WASHINGTON — Rabbi Jonah Pesner, director of the Religious Action Center of Reform Judaism, came out Monday against the so-called NGO bill currently going through the Knesset, describing it as “troubling” and antithetical to Israel’s democratic foundation.
“Legislation recently approved by Israel’s cabinet that would silence the voices of many nonprofits that engage in the critical work of a democratic people — ensuring human rights for all — is deeply troubling,” he said in a statement. “The effect of this bill will be to demonize nonprofit organizations that are critical of Israel’s policies towards Arabs and Palestinians and label Israeli citizens who work for these organizations as foreign meddlers.”
The cabinet-sponsored bill requires any NGO receiving more than 50 percent of its funding from a foreign government to include details of its funding in all official and promotional documents. It also mandates that representatives of these groups wear a badge in the Knesset — similar to the ones lobbyists wear — identifying their organization’s source of foreign funding, or face a financial penalty.
Justice Minister Ayelet Shaked of the nationalist Jewish Home party, who proposed the bill, said last year that such a rule would “label the foreign interest of different states, which seek to enable NGOs here, and in whose name they give hundreds of millions of shekels.”

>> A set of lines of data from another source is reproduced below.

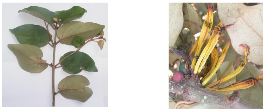
Fig. 6. Phragmanthera capitata : Leafy branch; yellowish axillary umbellate and a red fruit.

During the fieldworks, the traditional healers, outside of the studied thematic, informed on the virtues of Phragmanthera capitata in the treatment of Diabetes. It is still a new reported property of this plant in the treatment of sickle cell disease (Fig. 6).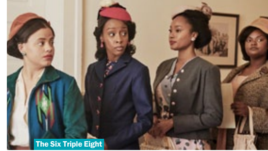
The Six Triple Eight

Bring your own crafting project and get creative as you enjoy a cosy film in our Cinema. Lights will be on so you can knit, sew, crochet, embroider or scrapbook during our new monthly special screening.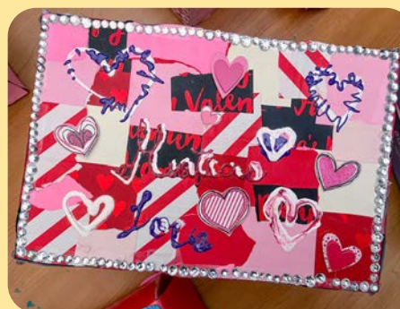
Our kids tapped into their creativity as they decorated their special Valentine's Day boxes.

But critics in Israel and abroad say the proposal unfairly targets left-wing groups who do not toe the government’s line, a suspicion that’s become intensified since a list was released last week of the 25 groups being targeted — 23 of which are left-wing organizations, including B’Tselem, Breaking the Silence, Ir Amim and Yesh Din.
In his statement, Pesner described the majority of the groups as human and civil rights activists. He characterized their work as necessary for the health of Israel’s society and lambasted efforts to prevent it.
“Israeli human rights workers and organizations are dedicated to promoting and preserving the values enshrined in Israel’s Declaration of Independence,” he said. “By challenging Israeli authorities to investigate, prosecute and deter civil and human rights violations wherever they occur, these nonprofits serve as a crucial compass in places where there is the potential for moral failure.”
Since Shaked’s proposal began working its way through the legislative process, several progressive American Jewish organizations publicly opposed the bill, and a source familiar with the situation told The Times of Israel, in December 2015, that an “ad hoc coalition” of both American and Israeli left-wing groups would form to attempt to block the bill from becoming law, including Americans for Peace Now, B’Tselem, J Street, New Israel Fund and Rabbis for Human Rights, among others.
The Religious Action Center, the political wing of the Reform Jewish Movement, was not among the groups mentioned. But the RAC’s announcing its public opposition adds to the chorus of American groups dismayed by the bill.
Pesner expressed concern on Monday that if such legislation were to become law, it would weaken the link many Americans feel to the Jewish state.
“For many years Israel prided itself on the existence of these organizations, and one of the most significant links that the American people have to Israel is a shared commitment to a strong, healthy and thriving democracy where human rights advocates are seen as part of the fabric of civic life,” he said. “We strongly hope that this bill does not become law and that efforts instead are made to strengthen, not weaken, Israel’s moral and civic fabric.”